Zhaochi Holdings Leverages AI Computing Power for Takeoff, Long-term Shareholder Oriental Pearl Becomes "Behind-the-Scenes Winner"

Amid industry adjustments, Zhaochi Co., Ltd. defied the trend and rose sharply, with a market value surpassing 50 billion yuan. Behind the surge in stock price are multiple factors: explosive demand for computing power driven by AI and OpenClaw, technological breakthroughs in Micro LED CPO, and positive developments in optical modules. This also allowed Dongfang Mingzhu, which had invested early and held firm for nearly ten years, to finally reap the capital benefits.
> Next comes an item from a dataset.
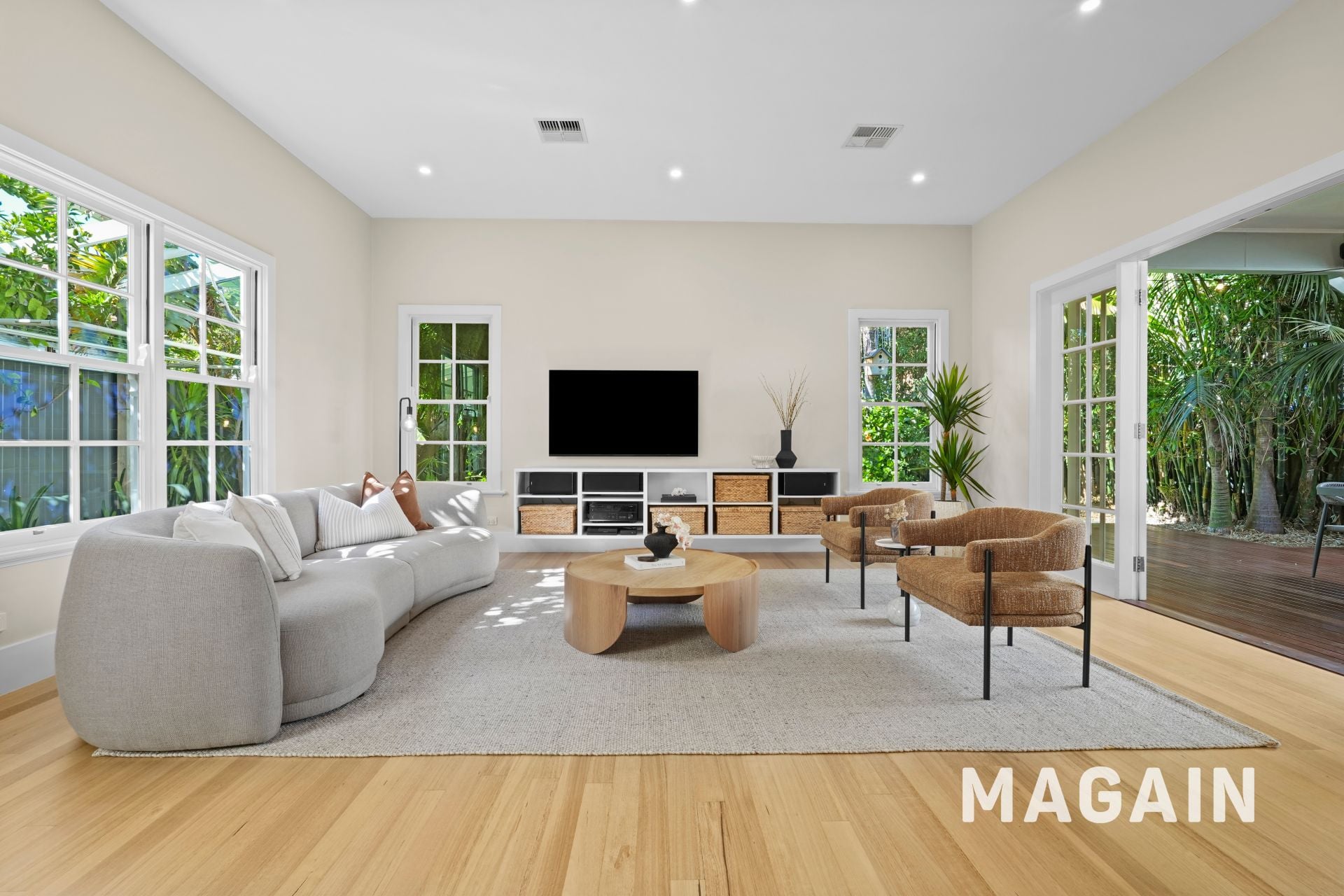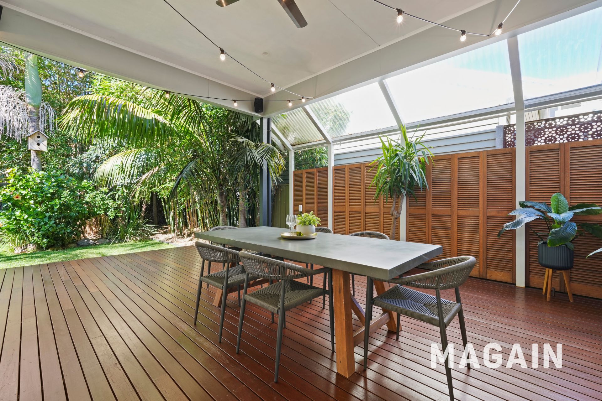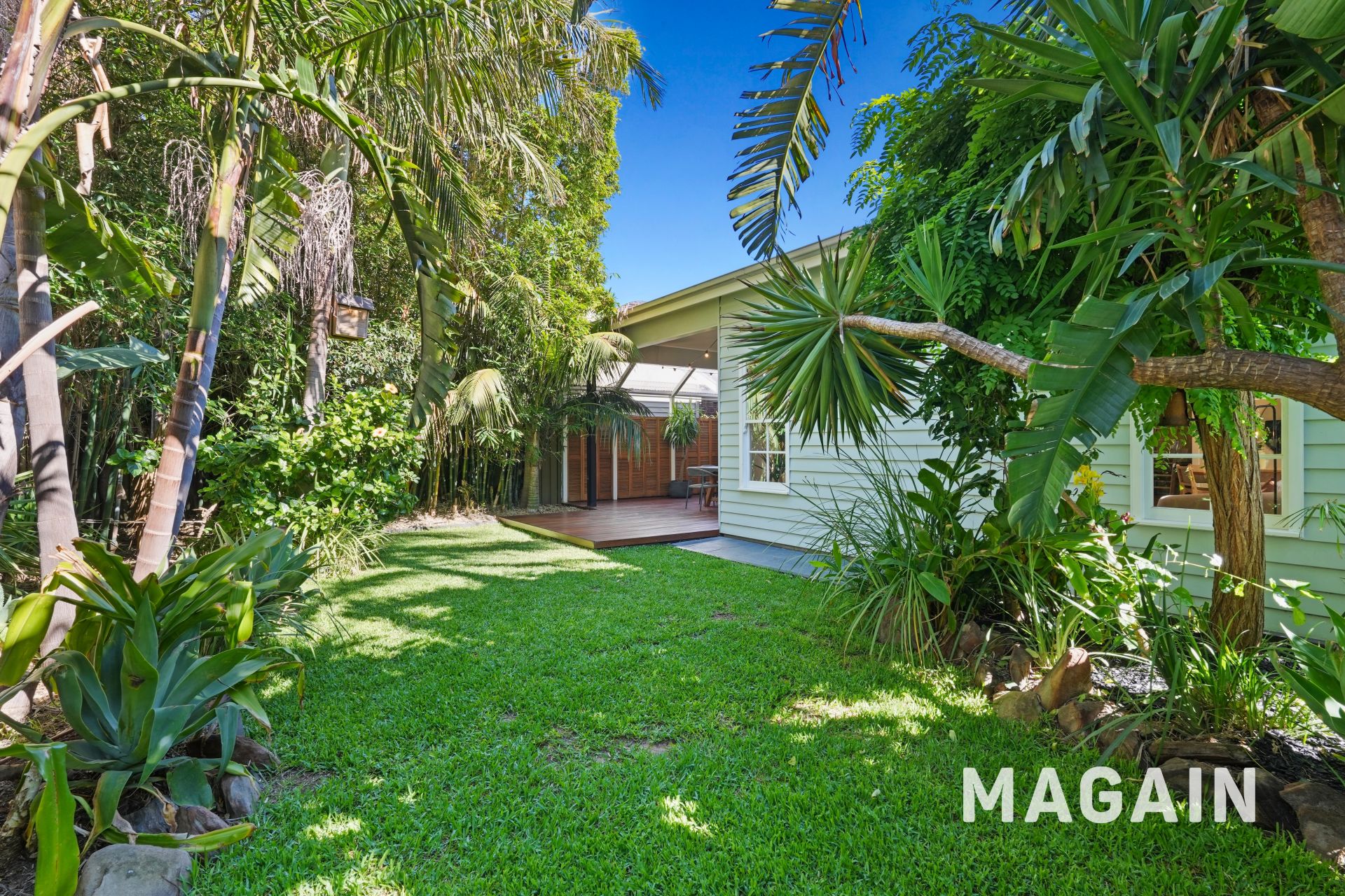 To the rear, the home opens into a superb indoor–outdoor entertaining zone, featuring a covered timber deck, surrounded by lush established gardens and palms that create a wonderfully private sanctuary.

On March 13, Zhaochi Co., Ltd. opened strongly and hit the daily limit, closing at 11.94 yuan, with its market value once again exceeding 50 billion yuan. Since the market rally began in June last year, the company’s stock has increased by over 183% in ten months.

The core driver of this rally is the exponential growth in demand for computing power sparked by AI and the popularity of OpenClaw. The launch of OpenClaw has transformed AI agents from “talking” to “doing,” requiring large models and tools, which has caused tokens to become scarce and directly boosted demand for infrastructure computing power.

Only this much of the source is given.